The American Standard Information Exchange Code is a standard single-byte character encoding scheme developed by the American National Standard Institute (ANSI) for text-based data. Started in the late 1950s S and finalized in 1967. It was originally a US National Standard for different computers to use for mutual communication as a standard for Spanish character encoding. It has been used by the International Organization for Standardization (ISO) it is an international standard, known as the ISO 646 standard. Applies to all Latin characters.
ASCII Code uses a combination of the specified 7-bit or 8-bit binary numbers to represent 128 or 256 possible characters. The standard ASCII code is also known as the basic ASCII code. It uses 7-bit binary numbers to indicate all uppercase and lowercase letters, numbers 0 to 9, and punctuation marks, and special control characters used in American English. Where:
0 ~ 32 and 127 (34 in total) are control characters or communication special characters (others can be displayed), such as control characters: LF (line feed), Cr (Press ENTER), FF (page feed) del (delete), BS (return), BEL (zhenling), and other special characters for communications: Soh (Text header), EOT (Text tail), Ack (confirmation), etc; the ASCII values are 8, 9, 10, and 13, respectively, and are converted to backspace, tabulation, line feed, and carriage return characters. They do not display specific images, but vary with applications, with different effects on text display.
33 ~ 126 (94 in total) is a character, 48 ~ 57 is 0 to 9 10 Arabic numerals;
65 ~ 90 is 26 uppercase English letters, 97 ~ There are 26 lower-case English letters, and the remaining are some punctuation marks and operator numbers.

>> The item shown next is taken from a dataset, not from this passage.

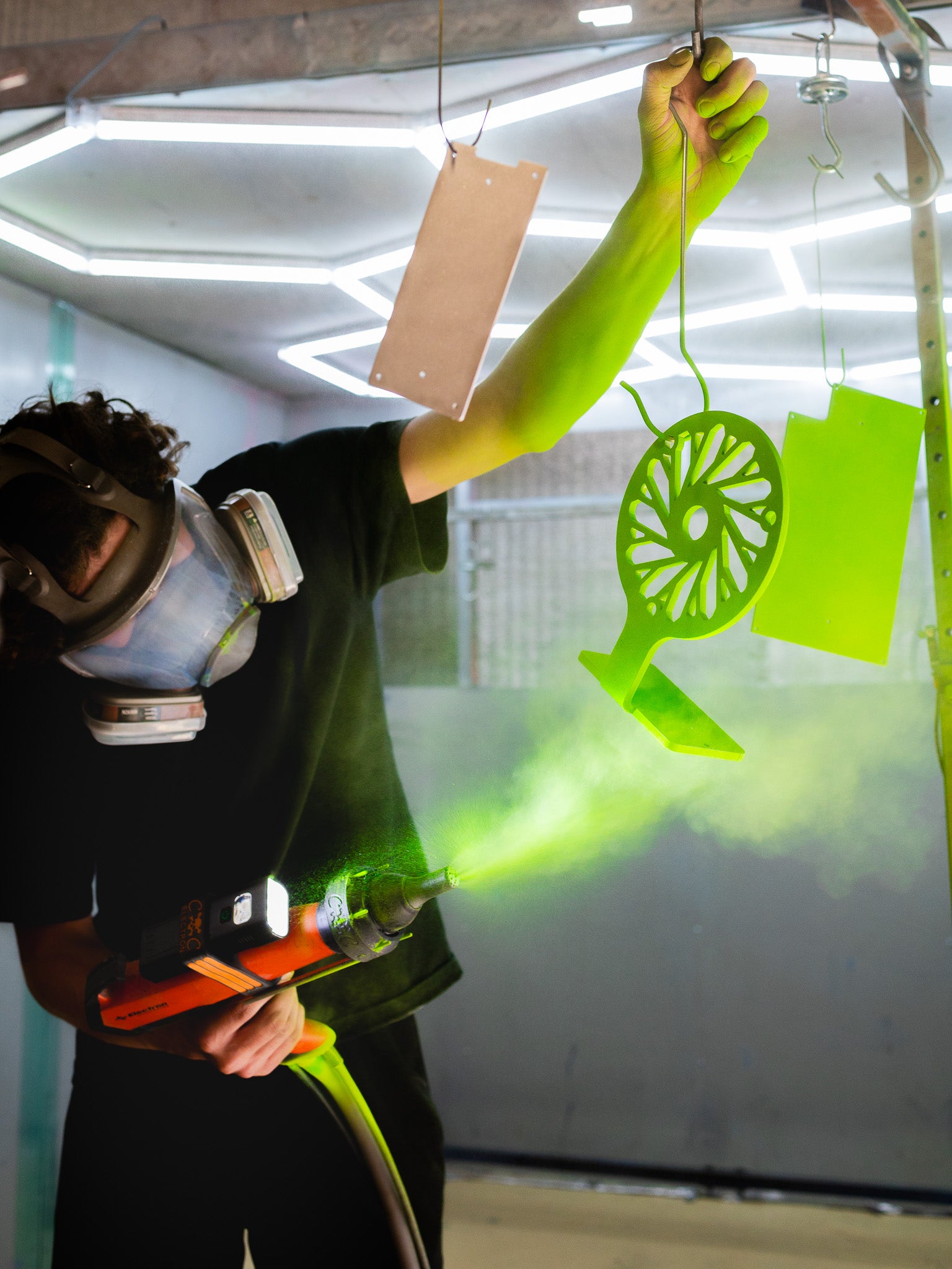 - Application: The selected powder is applied using an electrostatic spray gun. The particles are charged and adhere to the metal parts, creating an even and consistent coat.

In standard ASCII, the highest bit (B7) is used as the parity bit. The so-called parity check refers to a method used to check whether an error occurs during code transfer. It is generally divided into two types: Odd checksum and even verification. Odd check rules: correct code must contain an odd number of 1 bytes. If the number is not an odd number, 1 is added to the highest bit B7. Even check rules: correct code: the number of 1 in a byte must be an even number. If the number is not an even number, 1 is added to the highest bit of B7.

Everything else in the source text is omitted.